• _Brief_
Take the listing below and print exactly the lines starting at the line containing "100 адамға арналған" and ending at the line containing "Kancelářská skříň se", both ends included, and no others.
[Provided records Boundary: Start]
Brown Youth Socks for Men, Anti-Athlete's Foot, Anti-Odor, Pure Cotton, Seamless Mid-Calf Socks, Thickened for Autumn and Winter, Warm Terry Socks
[Provided records Boundary: End]
[Provided records Boundary: Start]
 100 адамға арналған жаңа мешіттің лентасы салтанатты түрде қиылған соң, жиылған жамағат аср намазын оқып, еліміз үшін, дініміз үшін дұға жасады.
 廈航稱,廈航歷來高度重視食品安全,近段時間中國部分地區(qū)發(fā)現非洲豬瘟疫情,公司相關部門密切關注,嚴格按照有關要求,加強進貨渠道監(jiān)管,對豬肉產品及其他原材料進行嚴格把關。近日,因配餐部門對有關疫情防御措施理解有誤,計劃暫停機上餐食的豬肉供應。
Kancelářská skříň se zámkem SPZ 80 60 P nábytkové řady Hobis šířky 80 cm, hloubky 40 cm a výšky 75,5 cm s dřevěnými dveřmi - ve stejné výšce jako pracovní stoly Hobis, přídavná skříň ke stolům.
[Provided records Boundary: End]
[Provided records Boundary: Start]
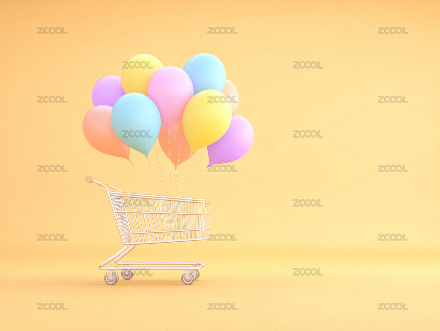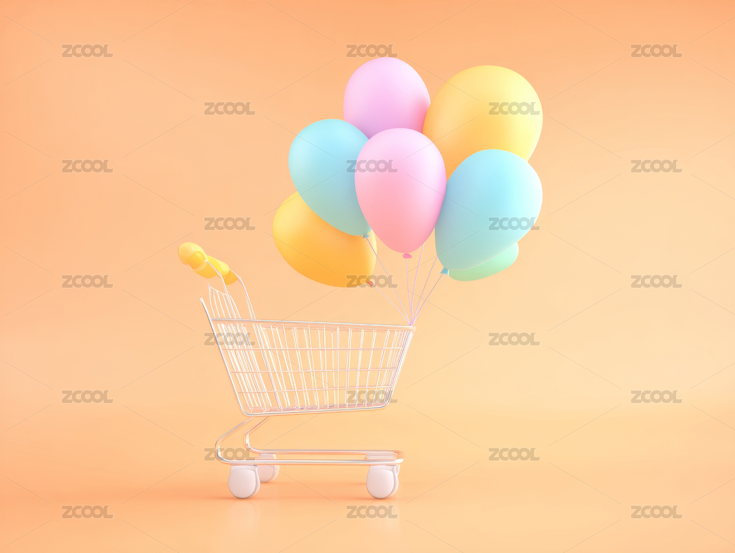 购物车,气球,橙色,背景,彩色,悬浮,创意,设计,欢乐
[Provided records Boundary: End]
• _Reply_
 100 адамға арналған жаңа мешіттің лентасы салтанатты түрде қиылған соң, жиылған жамағат аср намазын оқып, еліміз үшін, дініміз үшін дұға жасады.
 廈航稱,廈航歷來高度重視食品安全,近段時間中國部分地區(qū)發(fā)現非洲豬瘟疫情,公司相關部門密切關注,嚴格按照有關要求,加強進貨渠道監(jiān)管,對豬肉產品及其他原材料進行嚴格把關。近日,因配餐部門對有關疫情防御措施理解有誤,計劃暫停機上餐食的豬肉供應。
Kancelářská skříň se zámkem SPZ 80 60 P nábytkové řady Hobis šířky 80 cm, hloubky 40 cm a výšky 75,5 cm s dřevěnými dveřmi - ve stejné výšce jako pracovní stoly Hobis, přídavná skříň ke stolům.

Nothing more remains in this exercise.